Human Rights Watch called on Egyptian authorities to overturn the
convictions of four men for the “habitual practice of debauchery,” and
to free four others who are held pending trial. The government should
end arbitrary arrests based on HIV status and take steps to end
prejudice and misinformation about HIV/AIDS.
“These shocking arrests and trials embody both ignorance and
injustice,” said Scott Long, director of the Lesbian, Gay, Bisexual,
and Transgender Rights Program at Human Rights Watch. “Egypt threatens
not just its international reputation but its own population if it
responds to the HIV/AIDS epidemic with prison terms instead of
prevention and care.”
The arrests began in October 2007, when police stopped two men having
an altercation on a street in central Cairo. When one of them told the
officers that he was HIV-positive, police immediately took them both to
the Morality Police office and opened an investigation against them for
homosexual conduct. The two men told human rights defenders that they
were slapped and beaten for refusing to sign statements the police
wrote for them. They spent four days in the Morality Police office
handcuffed to an iron desk, sleeping on the floor. Police later
subjected the two men to forensic anal examinations designed to “prove”

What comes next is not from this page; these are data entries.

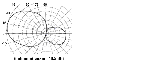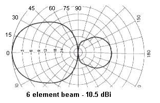 Now lest superimpose a typical 6 element beam antenna pattern pointed at the horizon on the range and angle plot above. The 6 element beam shows about 10.5 dBi gain towards distant satellites on the horizon which falls off by 3 dB at 30 degrees and by about 7 dB at 45 degrees. This antenna would perform EXCELLENTLY as both a terrestrial and satellite antenna, since almost 85% of all satellite pass times are within the 3 dB beamwidth of the antenna. And the other 15% above 30 degrees are easily 10 dB closer as shown above!
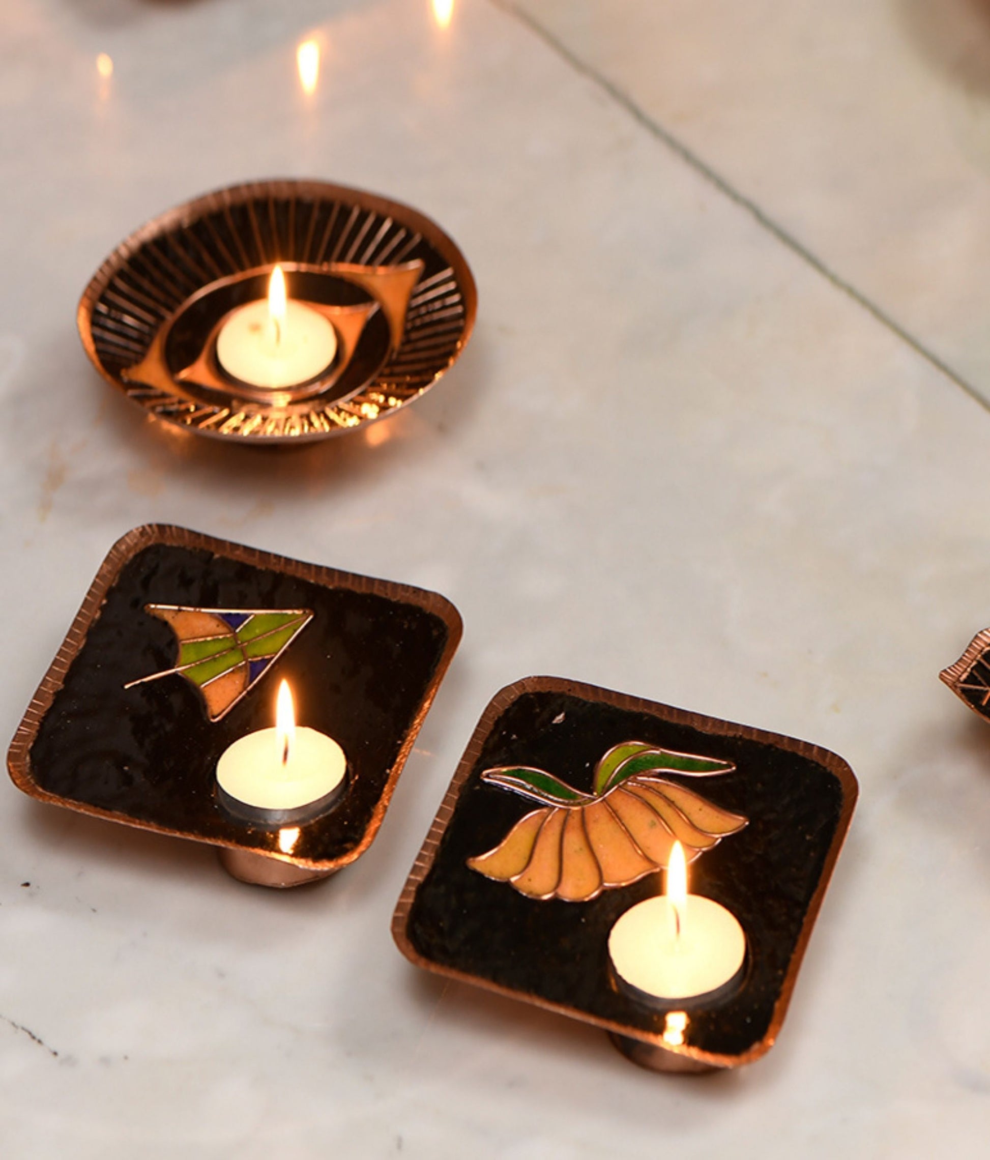This collection of handmade copper enamel wallplates and tealights is inspired by the festival of Makar Sakranti. Makar in Sanskrit is Capricorn and Sankranti means change of Sun’s abode from one zodiac sign to another. Makar Sankranti marks the end of Dakshinayana or Sun’s southward journey and start of Uttarayana - start of the northward journey.
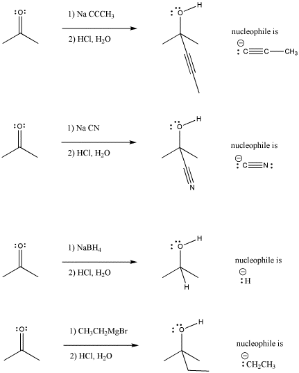 In the following pictures, a number of anions are added to a simple carbonyl compound, a ketone (2-propanone, or acetone). In each case, addition of the nucleophile is followed by addition of a proton source. Note that, overall, the reaction involves addition of the nucleophile to the carbonyl carbon and addition of the proton to the carbonyl oxygen.
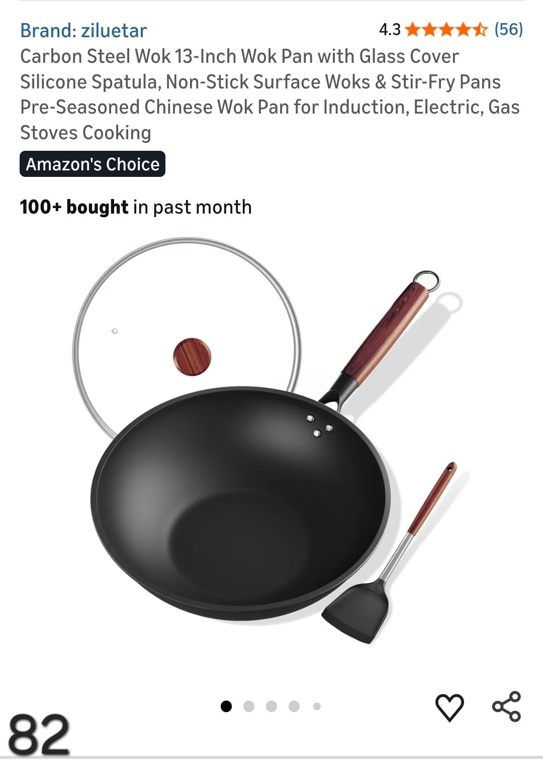 Carbon Steel Wok 13-Inch Wok Pan with Glass Cover Silicone Spatula, Non-Stick Surface Woks & Stir-Fry Pans Pre-Seasoned Chinese Wok Pan for Induction, Electric, Gas Stoves Cooking. Lv82
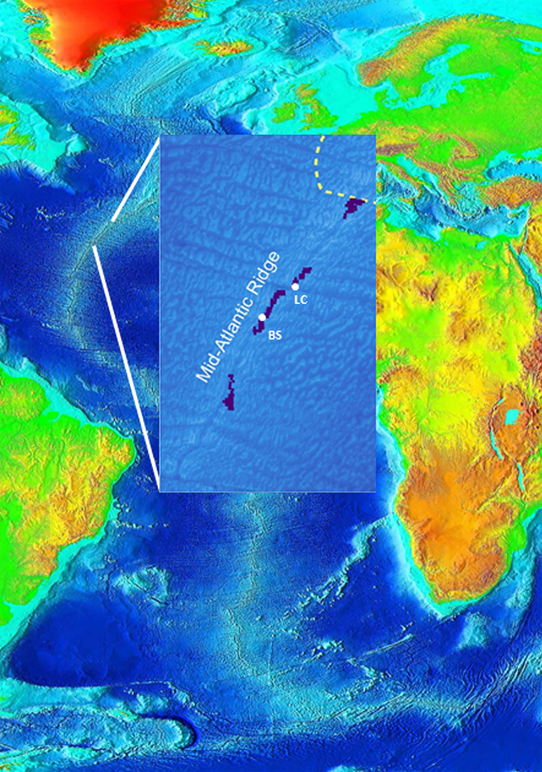 Location of the Polish contract area (PECA) on the Mid-Atlantic Ridge; LC, Lost City; BS, Broken Spur; dark squares mark exploration blocks; dotted yellow line marks the boundary of Portugal’s Extended Continental Shelf (based on imagery available from NOAA, http:///www.ngdc.noaa.gov/mgg/image/2minrelief.html and ISA, https://isa.org.jm/files/files/documents/Public%20information%20on%20contracts%20Poland.pdf).
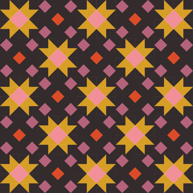 This kit includes 5 cuts (6 yards total) of Ruby Star Society prints and coordinating Paintbrush Studio Solids fabric to make a small throw sized (60" square) Sirius Quilt. Pattern sold separately.
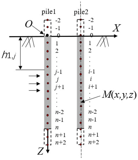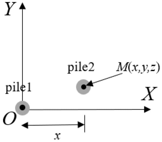 In view of the complexity of pile group interaction, an analysis of the reaction between two piles is conducted first and then extended to the whole pile group by applying the principle of superposition. Figure 4 and Figure 5 show that x represents the distance between two points, pile 1 and pile 2, in the X direction of the horizontal plane; pile 1 represents an acting pile for a lateral force, while pile 2 represents a responding pile for a lateral force with pile-soil interaction.
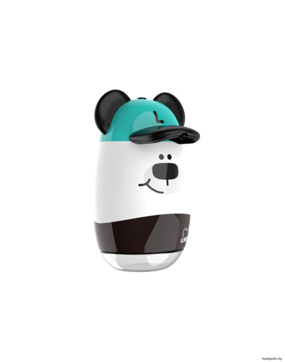 Дозатор сделан из высококачественного пластика. Необычная деталь дизайна — на верхней части корпуса находятся милые уши, а спереди кепка. Раскраска устройства напоминает медвежонка черно-белого цвета.
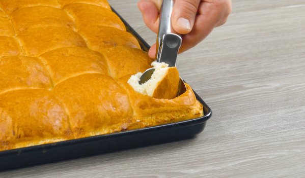 - À l'aide de la cuillère à glace, faites un creux dans les 24 pains ; retirez la pâte à chaque fois.
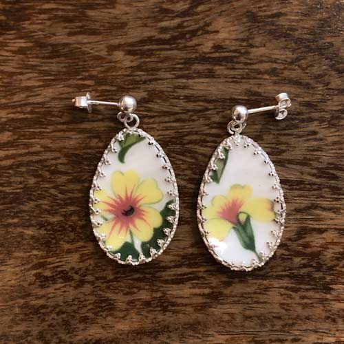 Nr 036: Primel. Queen's China. Sterlingsilbergefasste und -montierte ovale Ohrringe ca 3cm. € 156,-
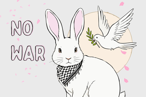 サポーターのみなさま、こんにちは。ガザのデザイナーロザンが考えた今回のデザインのモチーフは、反戦ウサギです。「世界中から戦争がなくなりますように」と記されたイラストをXに投稿した人気イラストレーターが、一...
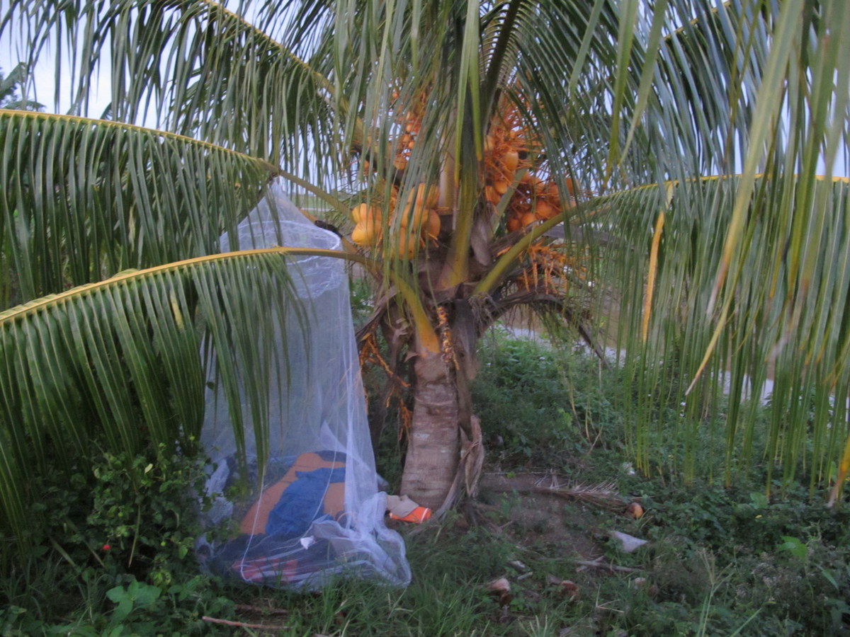Eine Nacht verbringe ich mitten im Nichts – zwischen Reisfeld, Bananenplantage und Kanälen. Es ist eine der schrecklichsten Nächte meines Lebens. Und dazu eine sehr blutreiche. Ich töte in meinem Moskitonetz 252 Mücken. Noch einmal so viele stechen mich. Am Ende schalte ich die Kopflampe aus und ergebe mich meinem Schicksal.

that they had engaged in homosexual conduct.
Human Rights Watch has documented that such examinations to detect
“evidence” of homosexuality are not only medically spurious but
constitute torture.
Police then arrested two more men because their photographs or
telephone numbers were found on the first two detainees. Authorities
subjected all to HIV tests without their consent. All four are still in
detention, pending prosecutors’ decision on whether to bring charges of
homosexual conduct. The first two arrestees, who reportedly tested
HIV-positive, are being held in a Cairo hospital, handcuffed to their
beds and only unchained for an hour each day.
Meanwhile, police apparently placed the apartment where one of the men
had lived under surveillance. On November 20, two days after a new
tenant had assumed the lease, police raided the apartment and detained
four other men.
According to the arrest report, the men were fully dressed and were not
engaging in any illegal acts at the time of the arrests. However, all
were charged with homosexual conduct, apparently solely on the basis
that they were found in a dwelling formerly occupied by one of the
earlier detainees.
People who have spoken to the four men since their arrest told Human
Rights Watch that a non-commissioned officer in the police station beat
one detainee on the head several times. Police allegedly forced the
four men to stand in a painful position for three hours with their arms
lifted in the air. They were provided no food, drink, or blankets
during their first four days of detention. Authorities also tested
these men for HIV without their consent. One of the men reportedly said
that the prosecutor, when informing him that he had tested positive for
HIV, told him: “People like you should be burnt alive. You do not
deserve to live.”
A Cairo court convicted these four men on January 13, 2008 under
Article 9(c) of Law 10/1961, which criminalizes the “habitual practice
of debauchery [fujur] – a term used to penalize consensual homosexual
conduct in Egyptian law. According to defense attorneys, the
prosecution based their case only on coerced and repudiated statements
taken from the men, and neither called witnesses nor produced other
evidence to counter the men’s pleas of not guilty. On February 2, 2008,
a Cairo appeals court upheld their one-year prison sentence. One of
them is held in a Cairo hospital, chained to his bed 23 hours a day.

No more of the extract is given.